* Assignment *
Give an exact transcription limited to the lines from the one with "Zbog automatskog unosa" through the end of the entries, including both; no pictures belong in it.

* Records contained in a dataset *
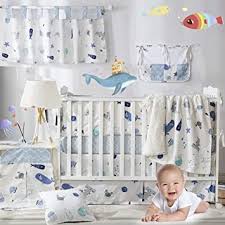 Reversible quilt fitted crib sheet 3-sided dust ruffle and plush whale all made with super-soft microfiber fabrics. You can go for a preppy upscale look by using the Come Sail Away Nautical Bedding set that features pretty red sailboats and candy striped lighthouses that make you feel as though you are living. Nautical 4 Piece Whales Baby Crib Bedding Set.
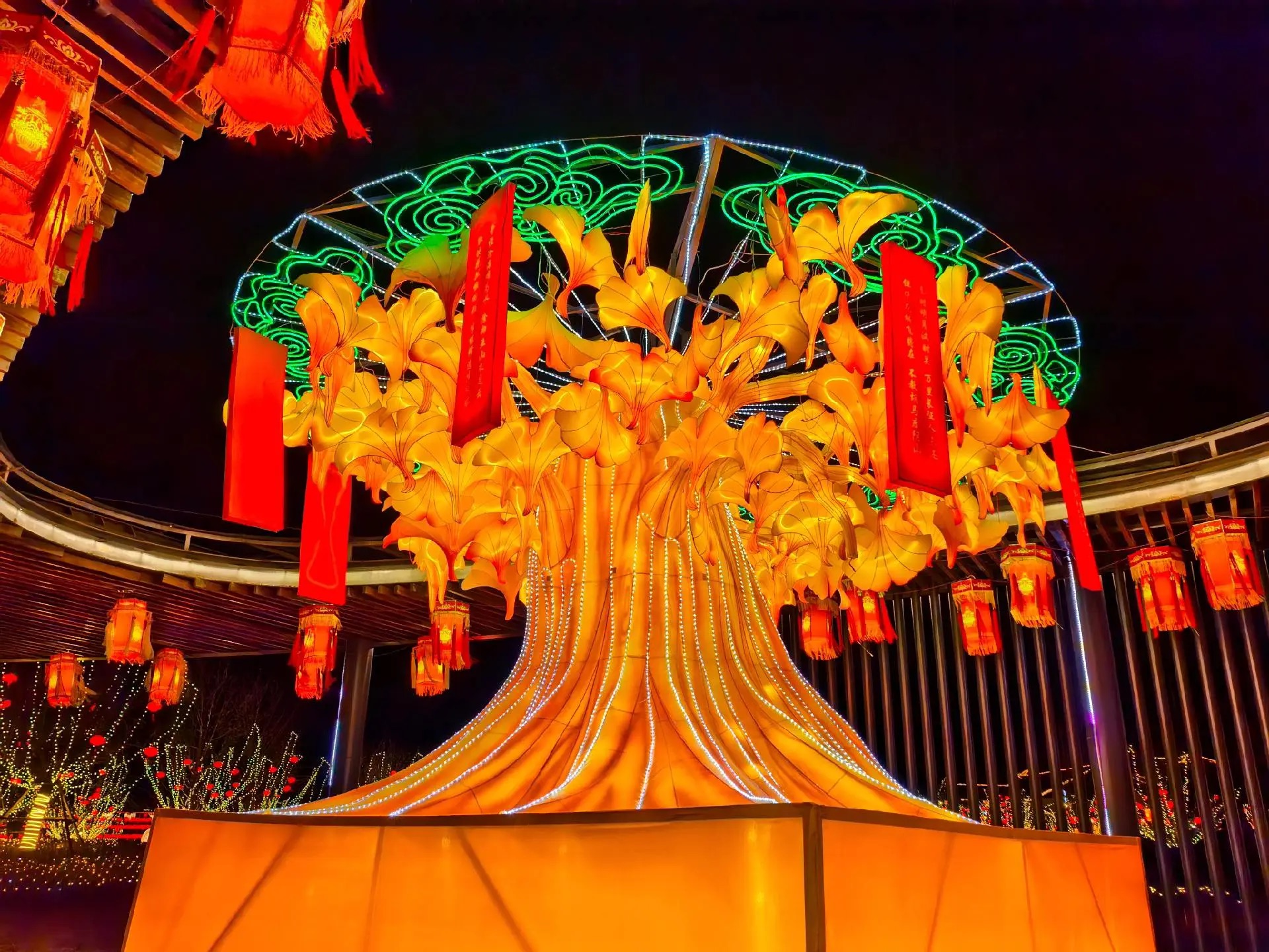 燈展現(xiàn)場(chǎng),千燈萬盞與龍馬湖的山、水、橋景相映成趣,構(gòu)筑成一幅絕美的新春光影畫卷。高達(dá)十二米的“富貴平安”燈組喜慶洋溢,五顏六色的牡丹花團(tuán)錦簇,成為全場(chǎng)焦點(diǎn);
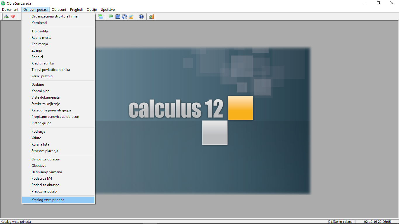 Zbog automatskog unosa u bazu podataka o olakšicama i kataloga vrsta prihoda neophodno je uraditi upgrade na najnoviju verziju Calculu 12 programskog paketa.
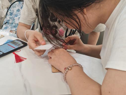 活动的最后,同学们用镊子夹起一朵朵干花,小心翼翼地放在书签上进行粘贴创作,做出独属于自己的干花书签,为本次阅读沙龙活动完美收尾,也为21天的坚持画上了句号。
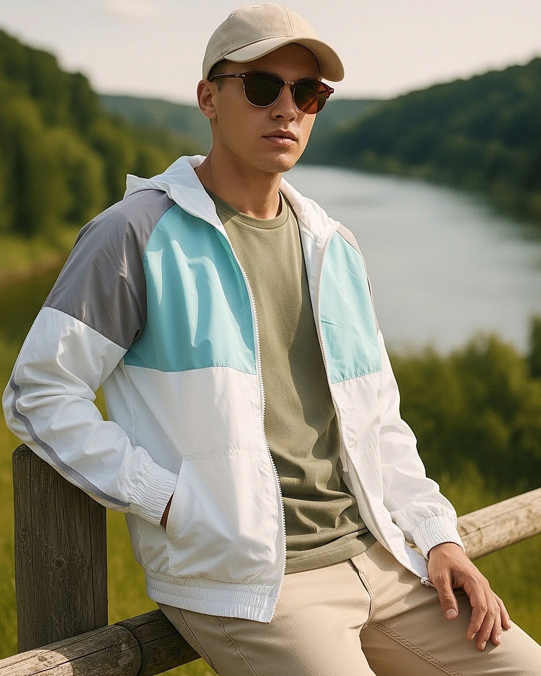 Men's White & Blue Color Block Hooded Windcheater Jacket
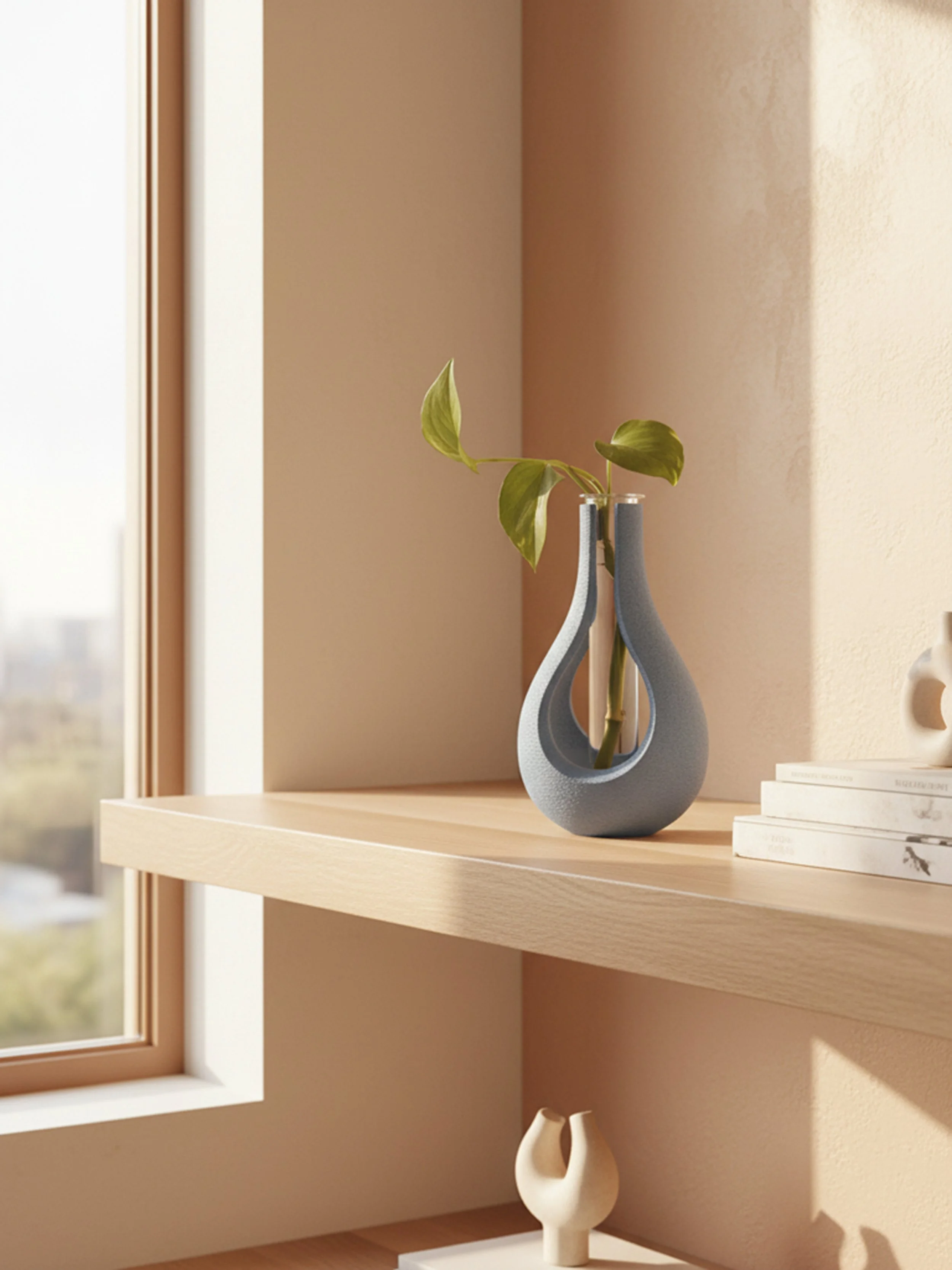 Nuevas formas orgánicas que acompañan el crecimiento con BROTS Gota de sobremesa, una pieza decorativa artesanal impresa en 3D que sostiene una probeta donde podrás ver crecer esquejes, mini plantas y raíces en agua.
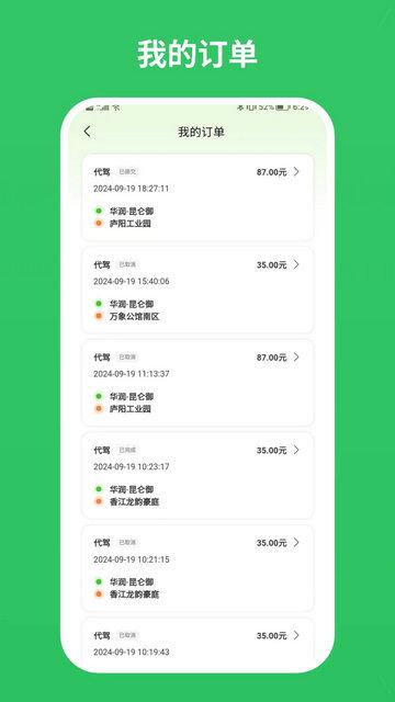 3、页面简约,软件的各个页面简约明了,致力于让用户可更好的查看、了解代驾情况。
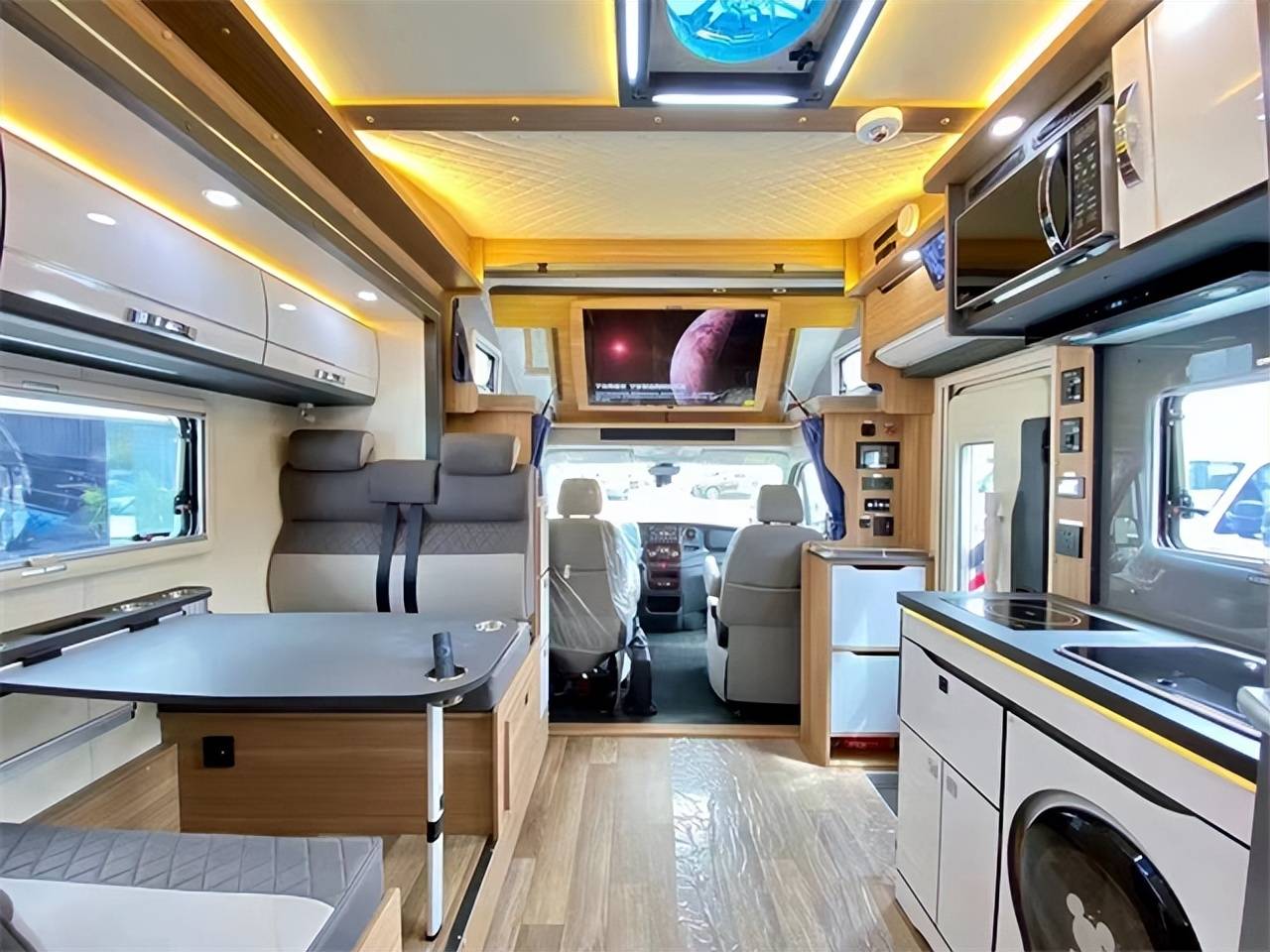 进入到室内,整体内饰风格是实用化的家具温馨风,深灰色沙发包覆和深灰色家具饰板搭配白色光源,大部分家具饰面以原木风格为主色调,整体看起来十分温馨。驻车后打开拓展机构,内部空间十分大。布局方面,由前置额头床、会客区、厨房区、卫浴间、尾部睡卧区组成,布局清晰,各区域功能齐全,只为带给乘客高品质的旅居生活。

* Reply *
 Zbog automatskog unosa u bazu podataka o olakšicama i kataloga vrsta prihoda neophodno je uraditi upgrade na najnoviju verziju Calculu 12 programskog paketa.
 活动的最后,同学们用镊子夹起一朵朵干花,小心翼翼地放在书签上进行粘贴创作,做出独属于自己的干花书签,为本次阅读沙龙活动完美收尾,也为21天的坚持画上了句号。
 Men's White & Blue Color Block Hooded Windcheater Jacket
 Nuevas formas orgánicas que acompañan el crecimiento con BROTS Gota de sobremesa, una pieza decorativa artesanal impresa en 3D que sostiene una probeta donde podrás ver crecer esquejes, mini plantas y raíces en agua.
 3、页面简约,软件的各个页面简约明了,致力于让用户可更好的查看、了解代驾情况。
 进入到室内,整体内饰风格是实用化的家具温馨风,深灰色沙发包覆和深灰色家具饰板搭配白色光源,大部分家具饰面以原木风格为主色调,整体看起来十分温馨。驻车后打开拓展机构,内部空间十分大。布局方面,由前置额头床、会客区、厨房区、卫浴间、尾部睡卧区组成,布局清晰,各区域功能齐全,只为带给乘客高品质的旅居生活。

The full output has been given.